The potential downsides of MBSR
Hoge’s study shows basically equivalent long-term outcomes for both MBSR and Lexapro, at least over the first six months. But she doesn’t think that proves much. It’s hard to know if people did other things to combat their anxiety after the intervention was over, and that will color the longitudinal results.
In addition, both drugs and MBSR can have declining effectiveness over time, as drugs may lose their potency and people doing MBSR may start slacking off on their daily practice. So, though both treatments seem to have some staying power, it’s hard to conclude that from her study alone.
Also, MBSR training can be somewhat cumbersome.
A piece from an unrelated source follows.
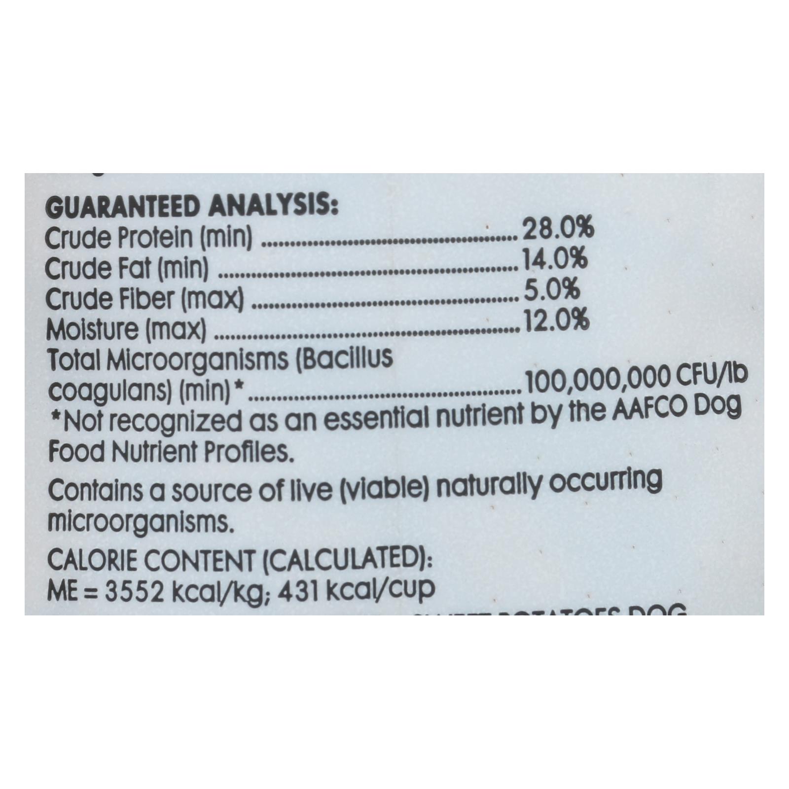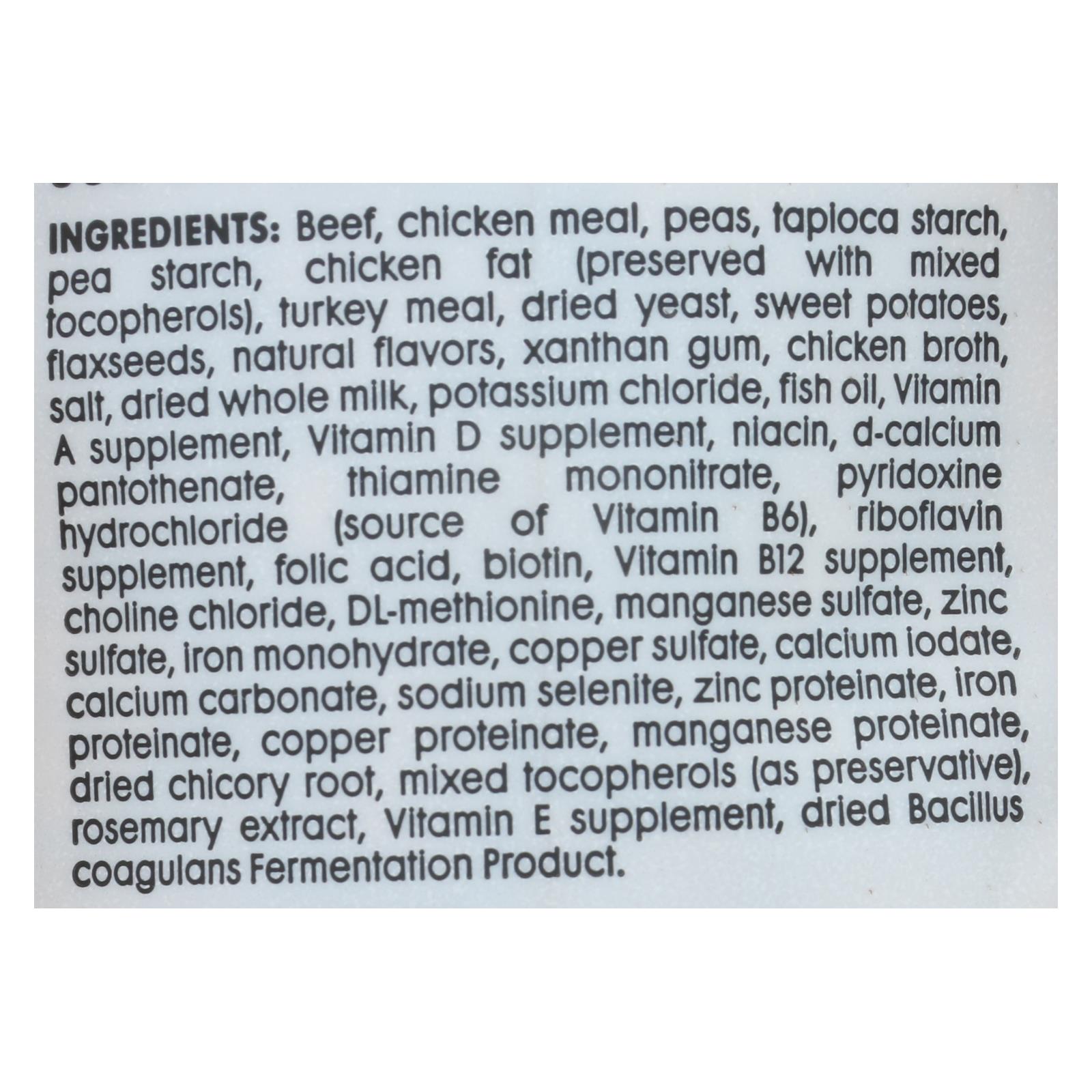 ingredients : beef;chicken meal;peas;tapioca starch;pea starch;chicken fat;preserved with mixed tocopherols;turkey meal;dried yeast;sweet potatoes;flaxseeds;natural flavors;xanthan gum;chicken broth;salt;dried whole milk;potassium chloride;fish oil;vitamin a supplement;vitamin d supplement;niacin;d-calcium pantothenate;thiamine mononitrate;pyridoxine hydrochloride;source of vitamin b6;riboflavin supplement;folic acid;biotin;vitamin b12 supplement;choline chloride;dl-methionine;manganese sulfate;zinc sulfate;i

It takes time, energy, and commitment to practice regularly—one of the reasons that the overall dropout rates in Hoge’s experiment were similar for MBSR and Lexapro. However, Hoge warns against assuming other quick-fix mindfulness programs—like online apps or shorter classes—will be as effective as Lexapro against severe anxiety. Apps don’t encourage people to devote enough time to meditation, she says, and there’s no human interaction component in the training—something she thinks makes a difference.
“Meditation, when done in this particular way as a daily practice, is very effective in treating anxiety, as effective as a drug.”
―Elizabeth Hoge, Georgetown University
“I don’t want people to think meditation is just as easy as taking a drug—like, they’re going to do Calm or Headspace and get relief,” she says. “Those might be better than nothing—I don’t really know. But an in-person class is really the gold standard.”
Instead, she compares the benefits of meditation training to those of physical exercise—another behavioral intervention that requires perseverance, but provides a lot of relief from psychiatric symptoms without the use of medication.
“There’s great data now showing that aerobic exercise protects against depression and anxiety—almost as good as drug treatment,” she says. “It takes work to go running or do whatever exercise you do every day or nearly every day. But, for some, it’s worth it.”
Another problem? MBSR is not free, and insurers generally won’t cover it, says Hoge. This she would like to see change, and the results from her experiment may help move things in that direction. By adding to a growing body of research showing the mental health benefits of practicing mindfulness meditation—and providing evidence from a highly controlled, clinical trial—she hopes insurers will change their minds and start paying for MBSR.
Though she advocates for MBSR as a treatment option, Hoge recognizes that it may not be for everyone. But, given that patients in her study were randomly assigned to do MBSR without choosing it and it was still effective against their anxiety, one has to wonder how much better results might have been if people selected it as their treatment of choice.
For now, there’s not enough research to say one way or the other. But studies like this one are good news for anxiety sufferers.
“When people can come into a clinic and be seen by a psychologist or psychiatrist and given a full evaluation—where the [professional] can discuss with the patient the option of medication, psychotherapy, or meditation—that will be a good thing,” says Hoge.